Нас всегда спасало чувство юмора: анекдоты сталинских времен (Aeon, Великобритания)

Читать на сайте inosmi.ru
Материалы ИноСМИ содержат оценки исключительно зарубежных СМИ и не отражают позицию редакции ИноСМИ
Советские лидеры неправильно понимали, как действует юмор на людей, отмечает автор. Сталинскому режиму не удалось оценить, что рассказывание анекдотов могло облегчить давление повседневной жизни и давало людям возможность делать именно то, чего от них ожидал режим: сохранять спокойствие и идти дальше.
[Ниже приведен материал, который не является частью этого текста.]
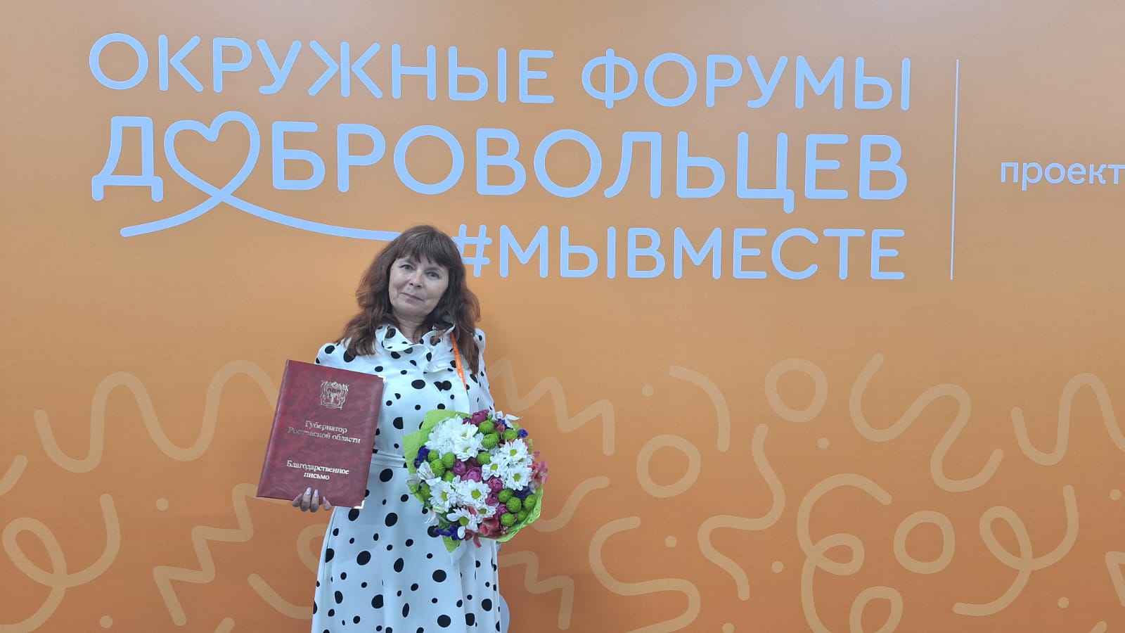 Благодарственное письмо из рук губернатора Василия Голубева получила Инна Саханина – старшая сестра милосердия, помощник протоиерея Романа Амплеева, настоятеля Донского храма, благочинного Новошахтинского округа, руководителя отдела по взаимоотношениям Церкви с обществом. Высокая награда была вручена за активную добровольческую и благотворительную деятельность, укрепление традиций взаимопомощи в Ростовской области.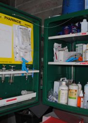 Pour contenir un prolapsus vaginal, des pessaires ou des harnais sont à prévoir. Des gants à usage unique préviennent la transmission d’une maladie infectieuse. Par ailleurs, une réserve de colostrum stockée au congélateur pour complémenter les agneaux qui en ont besoin est une assurance vie pour ces derniers. Biberon et pélican sont également très utiles. Les lampes chauffantes pour un agneau refroidi ou le coin des « biberons » sont à vérifier. Par ailleurs, le thermomètre est indispensable pour décider du traitement d’un animal malade. Des seringues et des aiguilles jetables (jaunes, bleues et roses) sont également stockées. Enfin, un moyen de contention pour réaliser une adoption (case d’adoption, corde…) est également à prévoir.

Сталинизм. Это слово вызывает десятки ассоциаций, и обычно среди них нет понятия «смешной». Это слово — синоним жестокого и проникающего во все сферы государственного контроля, который не оставляет места юмору или любой форме инакомыслия. И все же бесчисленные дневники, воспоминания и даже государственные архивы говорят о том, что люди продолжали отпускать шуточки по поводу зачастую ужасной жизни, которую они вынуждены были вести перед лицом возможности оказаться в ГУЛАГе.

К 1980-м годам советские политические анекдоты стали настолько популярными, что даже президент США Рональд Рейган с удовольствием их собирал и пересказывал. Но за 50 лет до этого, при жестокой и параноидальной сталинской власти, с чего бы обычным советским людям шутить, высмеивая лидеров и советское государство, если они рисковали, что дверь их квартиры выломает НКВД (служба госбезопасности) и оторвет их от семьи, к которой они наверняка больше не вернутся?

Теперь мы знаем, что не только собравшись за кухонным столом, но даже в трамвае, в окружении незнакомцев — и, что, возможно, наиболее дерзко, на заводском собрании, где людей постоянно призывали показать свою абсолютную преданность советскому делу, — люди отпускали шутки, осуждающие режим и даже самого Сталина.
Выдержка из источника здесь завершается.